# ACTIVITY:
Your output must be the lines below from the line containing "Un peu forcé" to the line containing "食べ物チャーム チキン グリル", both lines included, reproduced exactly and without pictures.

# DATA FOR ANALYSIS:

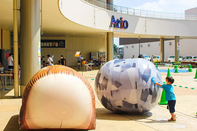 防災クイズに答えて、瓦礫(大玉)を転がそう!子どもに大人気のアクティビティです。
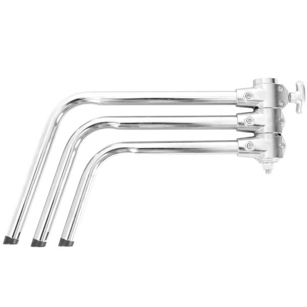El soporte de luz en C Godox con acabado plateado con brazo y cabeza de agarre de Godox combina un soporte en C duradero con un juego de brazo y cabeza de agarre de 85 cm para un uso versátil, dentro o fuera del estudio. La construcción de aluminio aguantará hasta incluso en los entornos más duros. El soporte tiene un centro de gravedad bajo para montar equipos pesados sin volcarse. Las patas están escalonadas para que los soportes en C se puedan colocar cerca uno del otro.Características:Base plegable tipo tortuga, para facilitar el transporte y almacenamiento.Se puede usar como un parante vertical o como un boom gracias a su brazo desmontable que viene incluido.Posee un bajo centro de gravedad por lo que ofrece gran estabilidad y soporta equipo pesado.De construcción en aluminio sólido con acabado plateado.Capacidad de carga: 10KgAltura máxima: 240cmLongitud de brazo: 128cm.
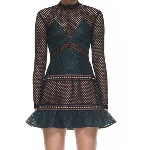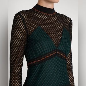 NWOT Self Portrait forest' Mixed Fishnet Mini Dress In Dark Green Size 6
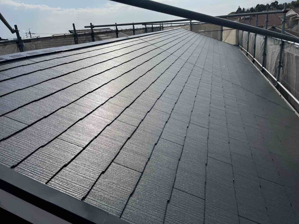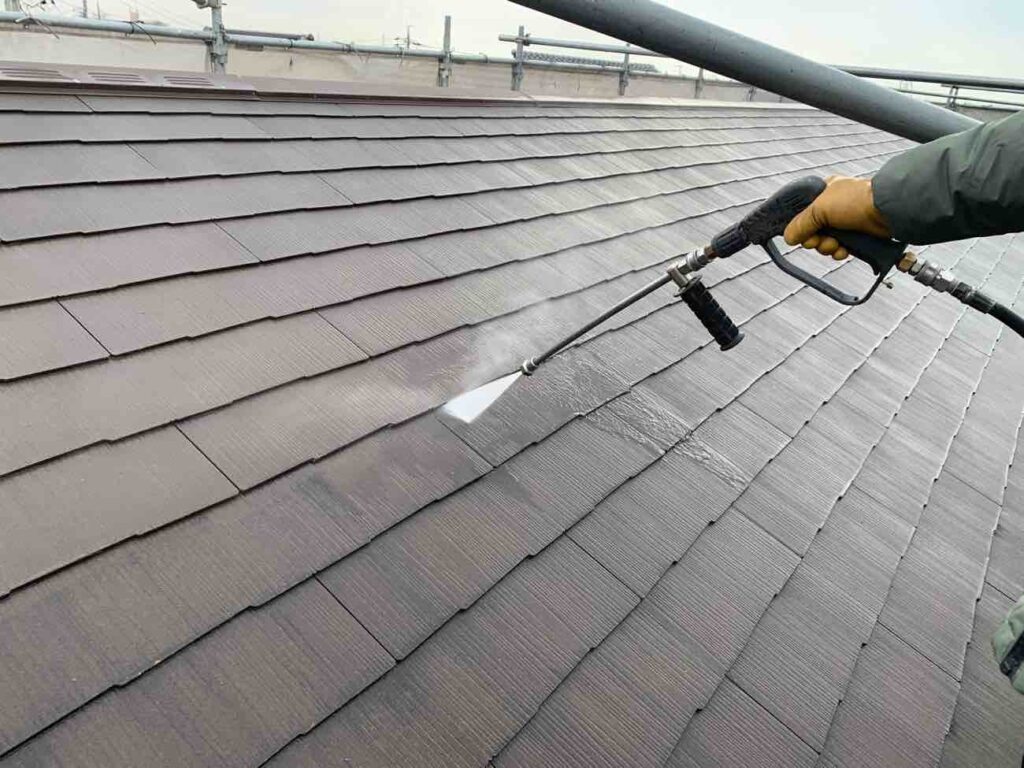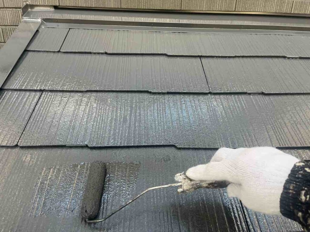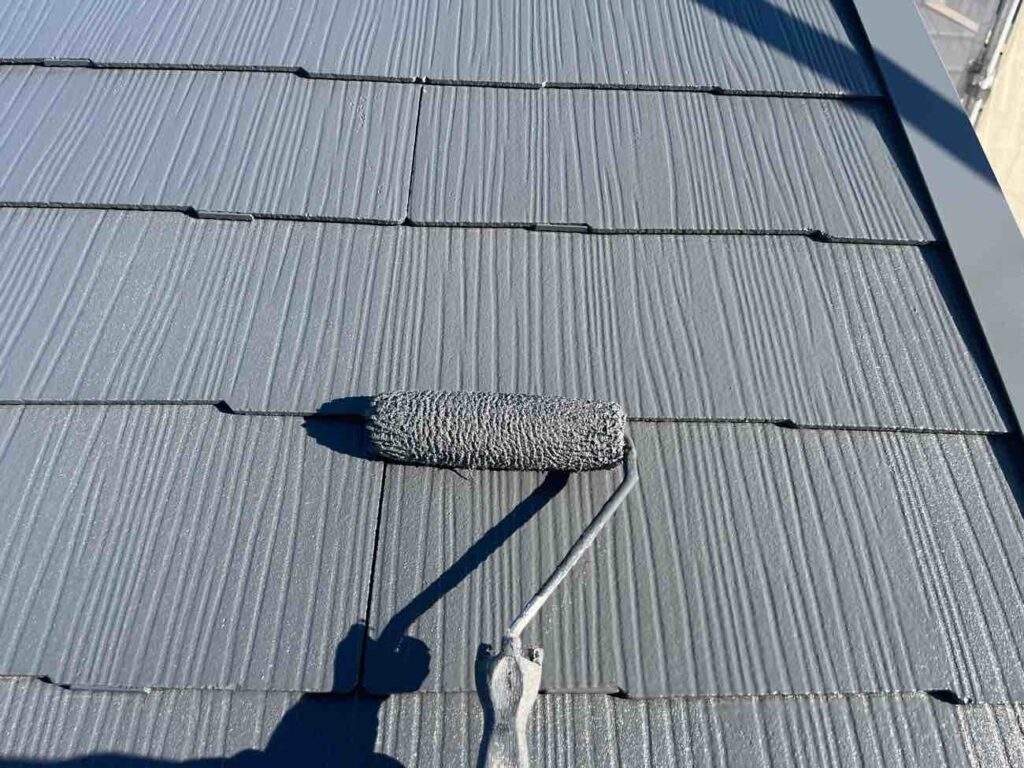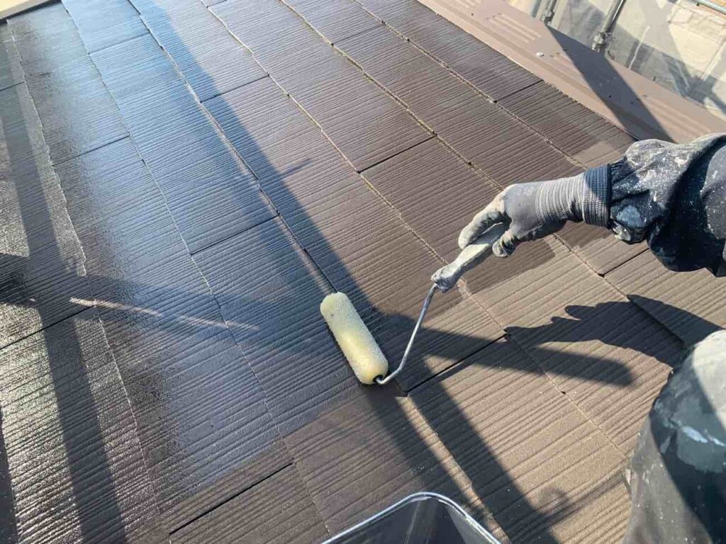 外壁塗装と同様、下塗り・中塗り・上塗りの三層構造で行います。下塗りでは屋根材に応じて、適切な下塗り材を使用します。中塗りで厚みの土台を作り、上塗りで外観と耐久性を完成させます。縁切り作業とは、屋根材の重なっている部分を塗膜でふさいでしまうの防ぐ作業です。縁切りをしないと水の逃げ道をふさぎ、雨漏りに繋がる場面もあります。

...

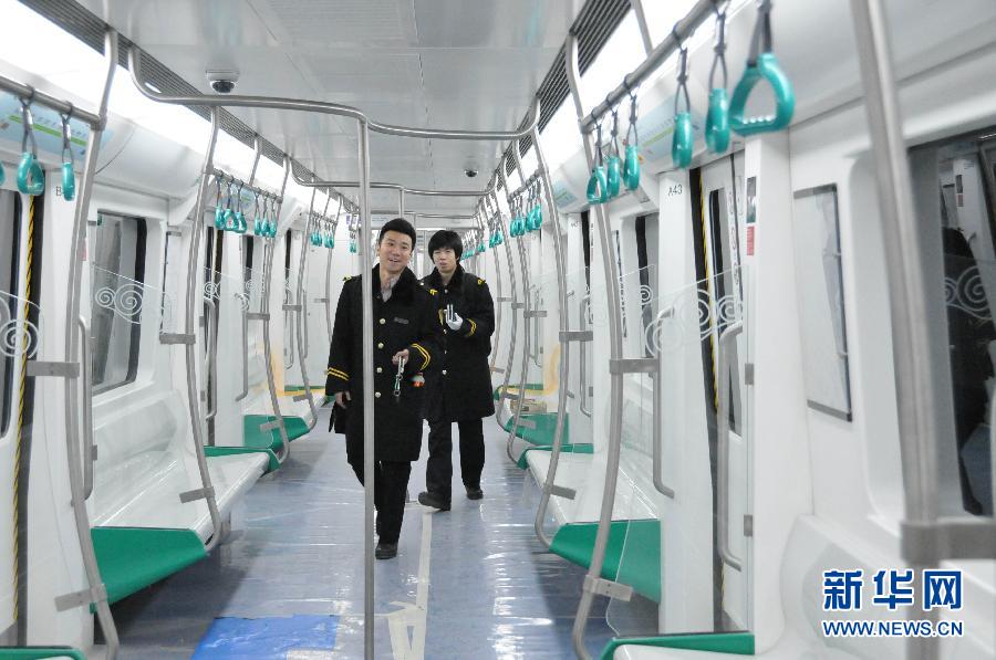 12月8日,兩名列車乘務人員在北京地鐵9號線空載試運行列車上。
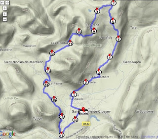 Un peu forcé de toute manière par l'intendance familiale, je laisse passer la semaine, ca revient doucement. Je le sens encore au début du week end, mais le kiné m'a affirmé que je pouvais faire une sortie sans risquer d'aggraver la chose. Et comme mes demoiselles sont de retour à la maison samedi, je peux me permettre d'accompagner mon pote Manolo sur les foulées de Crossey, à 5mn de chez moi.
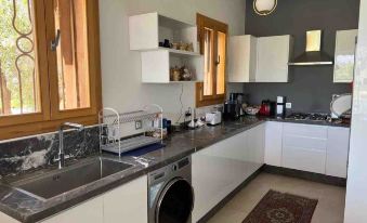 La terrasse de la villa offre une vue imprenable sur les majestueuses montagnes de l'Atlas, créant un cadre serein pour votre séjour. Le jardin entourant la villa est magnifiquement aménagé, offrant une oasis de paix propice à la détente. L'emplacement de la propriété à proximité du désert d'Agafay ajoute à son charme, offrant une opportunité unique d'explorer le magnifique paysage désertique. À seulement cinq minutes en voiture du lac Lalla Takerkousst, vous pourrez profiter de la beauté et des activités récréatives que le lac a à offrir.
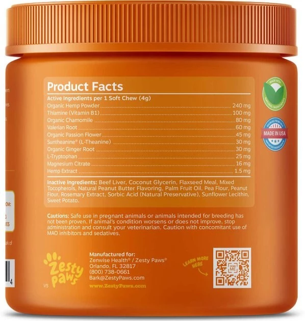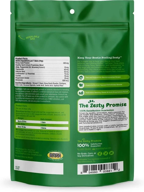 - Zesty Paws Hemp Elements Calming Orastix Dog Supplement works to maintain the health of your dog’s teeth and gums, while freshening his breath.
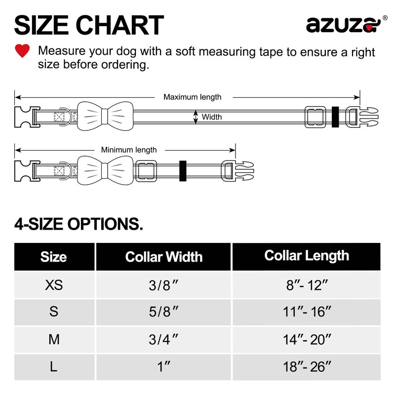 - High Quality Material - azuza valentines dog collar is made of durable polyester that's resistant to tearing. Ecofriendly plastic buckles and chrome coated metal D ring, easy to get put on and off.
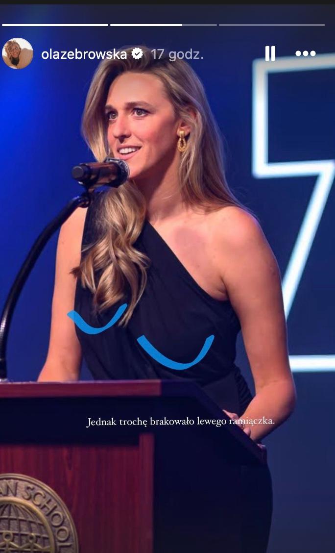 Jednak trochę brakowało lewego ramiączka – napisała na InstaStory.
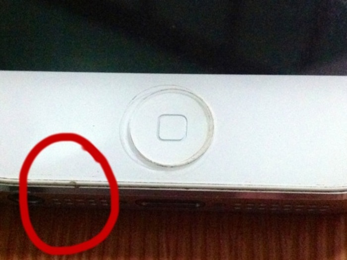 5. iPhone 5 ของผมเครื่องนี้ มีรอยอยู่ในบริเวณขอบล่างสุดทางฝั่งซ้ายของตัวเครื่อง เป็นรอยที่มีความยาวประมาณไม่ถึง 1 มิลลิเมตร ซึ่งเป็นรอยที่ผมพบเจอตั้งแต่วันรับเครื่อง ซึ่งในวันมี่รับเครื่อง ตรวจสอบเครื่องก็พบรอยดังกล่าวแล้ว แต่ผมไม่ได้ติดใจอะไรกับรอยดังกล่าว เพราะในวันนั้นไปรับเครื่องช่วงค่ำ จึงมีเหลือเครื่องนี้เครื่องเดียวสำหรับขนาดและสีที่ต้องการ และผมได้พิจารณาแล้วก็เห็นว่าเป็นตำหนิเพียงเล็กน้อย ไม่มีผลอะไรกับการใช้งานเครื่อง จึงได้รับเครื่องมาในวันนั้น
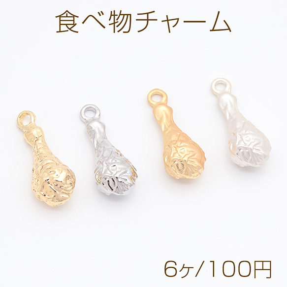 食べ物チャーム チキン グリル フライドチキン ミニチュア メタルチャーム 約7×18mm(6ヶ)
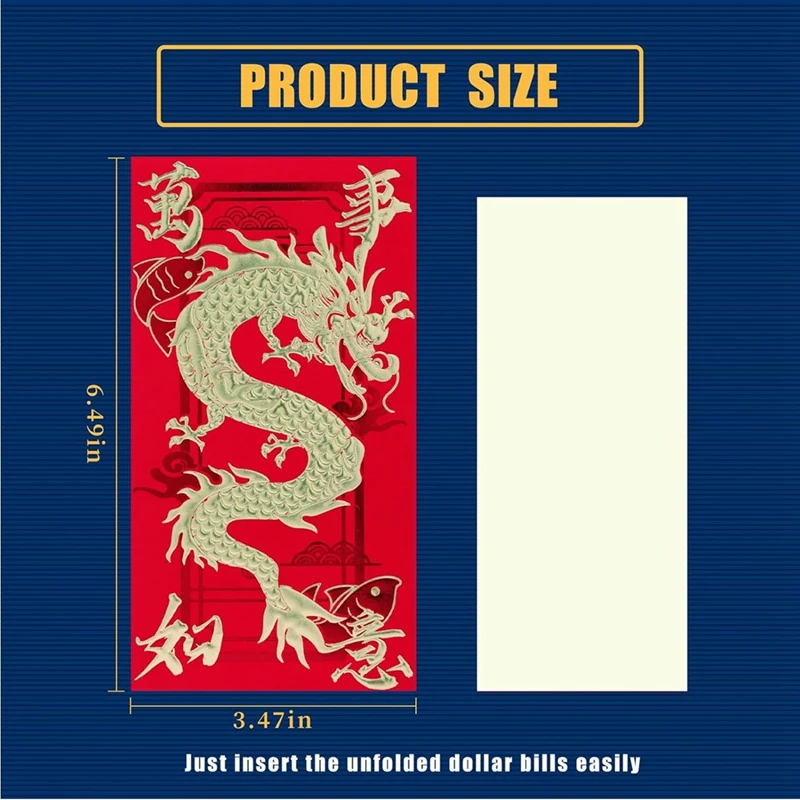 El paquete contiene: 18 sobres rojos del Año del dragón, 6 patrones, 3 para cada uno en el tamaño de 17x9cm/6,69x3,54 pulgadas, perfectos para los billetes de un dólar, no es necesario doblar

--

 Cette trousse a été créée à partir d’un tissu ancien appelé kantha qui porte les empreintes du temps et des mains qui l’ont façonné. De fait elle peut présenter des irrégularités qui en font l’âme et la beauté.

# ANSWER TO THIS PROBLEM:
 Un peu forcé de toute manière par l'intendance familiale, je laisse passer la semaine, ca revient doucement. Je le sens encore au début du week end, mais le kiné m'a affirmé que je pouvais faire une sortie sans risquer d'aggraver la chose. Et comme mes demoiselles sont de retour à la maison samedi, je peux me permettre d'accompagner mon pote Manolo sur les foulées de Crossey, à 5mn de chez moi.
 La terrasse de la villa offre une vue imprenable sur les majestueuses montagnes de l'Atlas, créant un cadre serein pour votre séjour. Le jardin entourant la villa est magnifiquement aménagé, offrant une oasis de paix propice à la détente. L'emplacement de la propriété à proximité du désert d'Agafay ajoute à son charme, offrant une opportunité unique d'explorer le magnifique paysage désertique. À seulement cinq minutes en voiture du lac Lalla Takerkousst, vous pourrez profiter de la beauté et des activités récréatives que le lac a à offrir.
 - Zesty Paws Hemp Elements Calming Orastix Dog Supplement works to maintain the health of your dog’s teeth and gums, while freshening his breath.
 - High Quality Material - azuza valentines dog collar is made of durable polyester that's resistant to tearing. Ecofriendly plastic buckles and chrome coated metal D ring, easy to get put on and off.
 Jednak trochę brakowało lewego ramiączka – napisała na InstaStory.
 5. iPhone 5 ของผมเครื่องนี้ มีรอยอยู่ในบริเวณขอบล่างสุดทางฝั่งซ้ายของตัวเครื่อง เป็นรอยที่มีความยาวประมาณไม่ถึง 1 มิลลิเมตร ซึ่งเป็นรอยที่ผมพบเจอตั้งแต่วันรับเครื่อง ซึ่งในวันมี่รับเครื่อง ตรวจสอบเครื่องก็พบรอยดังกล่าวแล้ว แต่ผมไม่ได้ติดใจอะไรกับรอยดังกล่าว เพราะในวันนั้นไปรับเครื่องช่วงค่ำ จึงมีเหลือเครื่องนี้เครื่องเดียวสำหรับขนาดและสีที่ต้องการ และผมได้พิจารณาแล้วก็เห็นว่าเป็นตำหนิเพียงเล็กน้อย ไม่มีผลอะไรกับการใช้งานเครื่อง จึงได้รับเครื่องมาในวันนั้น
 食べ物チャーム チキン グリル フライドチキン ミニチュア メタルチャーム 約7×18mm(6ヶ)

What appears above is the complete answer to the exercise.